La Commanderie Saint-Antoine

Ouverture et visites guidées pour les Journées du Patrimoine

plan du XIXe siècle
plan du XIXe siècle

La Commanderie Saint Antoine de Pondaurat est un très bel exemple de l'architecture hospitalière des Antonins.

Bien qu'un certain nombre de transformations aient eu lieu au cours des siècles, elle nous est parvenue jusqu'à ce jour avec l'ensemble de ses bâtiments, tous inscrits à l'Inventaire Supplémentaire des Monuments Historiques (ISMH)

 

Le couvent - L'église - Le moulin - Le pont - La maison aux contreforts

 

On ne connaît pas la date d’implantation des Antonins à Pondaurat, mais deux textes peuvent nous mettre sur la piste. Par une lettre de sauvegarde en date à Bath du 3 janvier 1285, envoyé à frère Bernard Del Sole, précepteur de l’hôpital Saint Antoine de Pondaurat, Edouard 1er précise que cet hôpital est placé dans sa mouvance par ses aumônes et celles de ses prédécesseurs. Il n’aurait pas employé le pluriel si cette fondation était le fait seul d’Henri III, son père. On pourrait donc en conclure qu’elle remonte à Jean sans Terre, qui a régné de 1199 à 1216 ou à Richard Cœur de Lion qui a régné de 1189 à 1199. Le second texte qui date de 1476, tiré de l’histoire du Prieuré de Saint Pierre de La Réole par dom Maupel, nous informe que le prieur demande au chapitre de Bazas, à l’abbé et couvent de Fontguilhem, à l’abbé et couvent du Rivet, à l’abbé et couvent de Saint-Ferme et au commandeur et frère de Pondaurat, d’attester auprès du roi Louis XI, qui tenait son droit de justice sur la ville de La Réole, de sa fidélité depuis l’époque de Richard Cœur de Lion. Il est probable que le prieur de La Réole n’aurait pas pris le risque de solliciter le témoignage des Antonins de Pondaurat sans avoir l’assurance que cette communauté, comme les autres, existait du temps de Richard.

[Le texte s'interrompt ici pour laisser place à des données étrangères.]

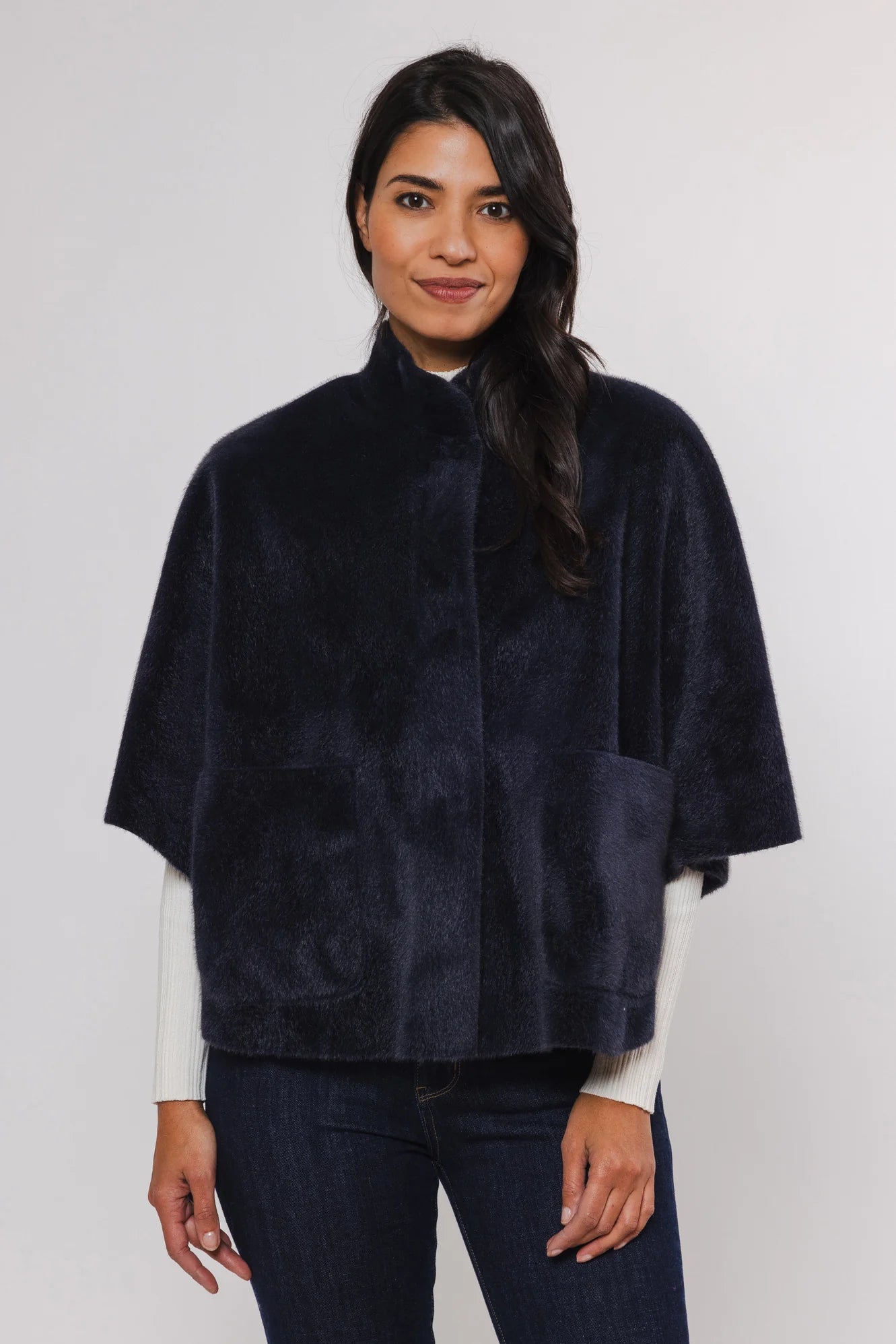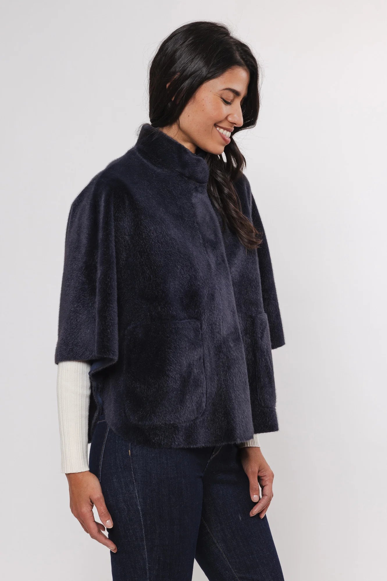 Indulge in luxury with our Dewi Cape in Birch. Made with elegant faux fur, this chic and fashionable piece features open pockets and a snap button closure for added class. Its soft fabric and short sleeves, along with slit details for easy movement, make this cape a must-have for any stylish wardrobe.

Agrippa d’Aubigné a été le seul, dans son histoire universelle, à signaler l’incendie et la mise à sac de la commanderie occupée par une garnison de troupe catholique « qui incommodait gravement La Réole » alors aux mains des protestants. Jean de Fabas, capitaine protestant vicomte de Castets, vraisemblablement au début des années 1577, aurait mené son attaque au moyen de charrettes remplies de paille enflammée, poussées sur le pont pour incendier la porte qui le fermait et communiquer l’incendie aux bâtiments. On trouve trace de cet incendie sur les pierres d’angle de la commanderie au niveau du parapet du pont et sur plusieurs pierres réutilisées par la suite lors de la remise en état des bâtiments. Ce fut un massacre puisque de cette « bicocque » (petite place forte), « on ne put sauver qu’une femme demis-bruslée ».

Malgré d’important travaux de remise en état des bâtiments aux cours des XVII° et XVIII° siècles, l’activité de la commanderie commença à péricliter du fait d’une part d’un net recul de la maladie à l’origine de sa fondation, le mal des ardents ou feu Saint Antoine, et d’autre part de la très nette régression des pèlerinages vers Saint Jacques de Compostelle. C’est la raison pour laquelle Pie VI supprima l’ordre des Antonins par une bulle du 17 décembre 1776. Le 30 mai de l’année suivante l’ordre de Malte fut mis en possession de tous les biens de celui de Saint Antoine. On retrouva la trace de cette incorporation sur l’une des clés de voute de la nef de la chapelle où figure la croix de Malte. D’autre part la date de 1784 gravée sur l’arche du pont barrage commandant l’entrée d’eau des deux paires de meules, sur les trois paires que comporte le moulin, révèle que les chevaliers de Malte ont effectués des travaux de modernisation de cette usine qu’ils exploitaient directement.
A la suite de la révolution, tout le domaine de la commanderie fut vendu comme bien national le 17 août 1793 à « Pierre Conqueret aîné de La Réole adjudicataire définitif pour la somme de soixante dix sept mille cinq cent livres ». Au XIX° siècle la commune de Pondaurat put racheter la chapelle et une partie de la commanderie.